These are steps in the right direction. But they’re also siloed. None of these platforms are interoperable with national carbon registries, international finance tracking systems, or other restoration platforms like Restor.Eco, Carbon Offsets Map or Tree-Nation.
For instance, try cross-referencing project pages from Tree-Nation with records from Canada’s 2BT program, and it becomes immediately unclear whether you’re looking at duplicate claims or just parallel projects by the same proponents in similar regions.

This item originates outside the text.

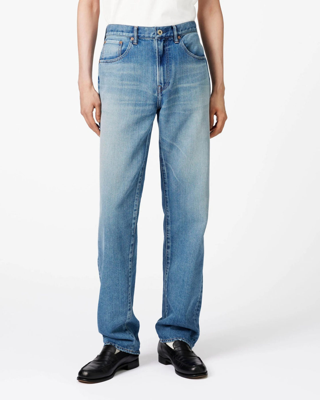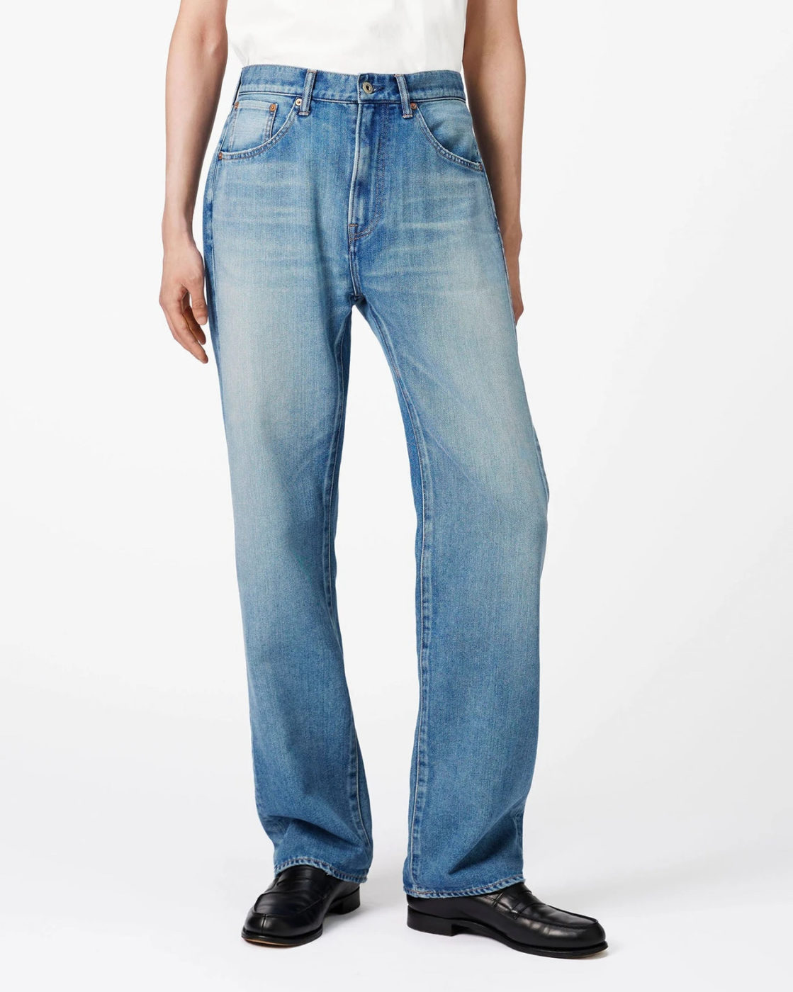 ゆとりのある腰回りから、ゆるやかにテーパードをかけた、すっきりとしたストレートレッグ。ジーンズらしい王道のシルエットです。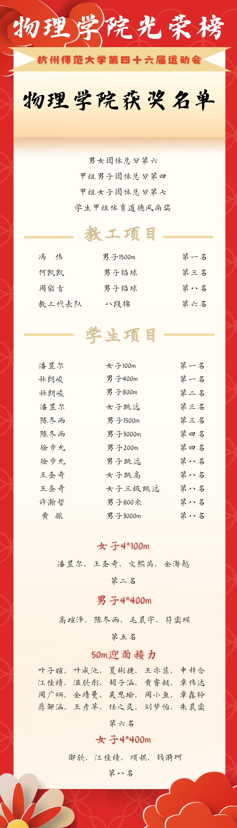 10月31日下午,换妻 第四十六届田径运动会在下沙校区圆满落幕。在这场充满激情与挑战的体育盛会中,换妻 师生凭借顽强的毅力、出色的发挥,在众多参赛队伍中脱颖而出,取得了男女团体总分第六、女子团体第七、男子团体第四、学生体育道德风尚奖等等令人瞩目的佳绩!

Are these the same project?
Even if the data exists, turning it into verifiable, auditable claims isn’t cheap. Public-facing Monitoring, Reporting, and Verification (MRV) is the backbone of accountability in forest projects, but traditional MRV systems remain expensive and time-intensive. According to a 2022 1t.org report, MRV costs can range from $0.15 to $1.40 per ton of CO₂, with smaller projects paying more due to fixed overheads. That’s often enough to make participation financially infeasible for small landowners or grassroots initiatives. Without scalable, low-cost alternatives, even technically sound solutions can struggle to reach the forest floor.
Why This Isn’t Just a Spreadsheet Problem
Reforestation is rooted in soil, but the accountability layer is increasingly digital — and increasingly fragmented. Right now, tracking impact often feels like solving a crossword with several missing clues, some of which were written in a different language, and others which have since been deleted in a PDF from 2017.
The consequences are not trivial. In the short term, double counting leads to inflated impact metrics, undermining trust in ESG claims and public programs alike. In the long term, it risks turning nature-based solutions into what economists call “credence goods” — things that are widely praised but poorly understood, which often leads to their being undervalued, misused, or eventually abandoned.
The risks aren’t just theoretical. Large-scale reforestation programs have already shown how hard it is to track real progress.
Ethiopia’s Green Legacy Initiative, for example, has drawn praise for its ambitious 50-billion-tree target. But critics have raised concerns about inconsistent reporting, survival rates, and the feasibility of planting that many trees across varied landscapes. Without robust data or verifiable tracking, it becomes hard to tell whether we’re celebrating real progress — or just adding zeros to a spreadsheet.
If nature-based climate finance collapses under its own ambiguity, it won’t be because the trees failed. It’ll be because the spreadsheets never agreed on where they went.
Blended Beverages and Singular Claims
It’s not just a measurement problem. It’s a market failure.
In reforestation today, you can execute the best project in the world and get very little for it. Or you can contribute essentially nothing and collect top-dollar — because what you’re really selling isn’t outcomes, it’s claims. And those claims can be duplicated, resold, repackaged, and marketed again under different logos.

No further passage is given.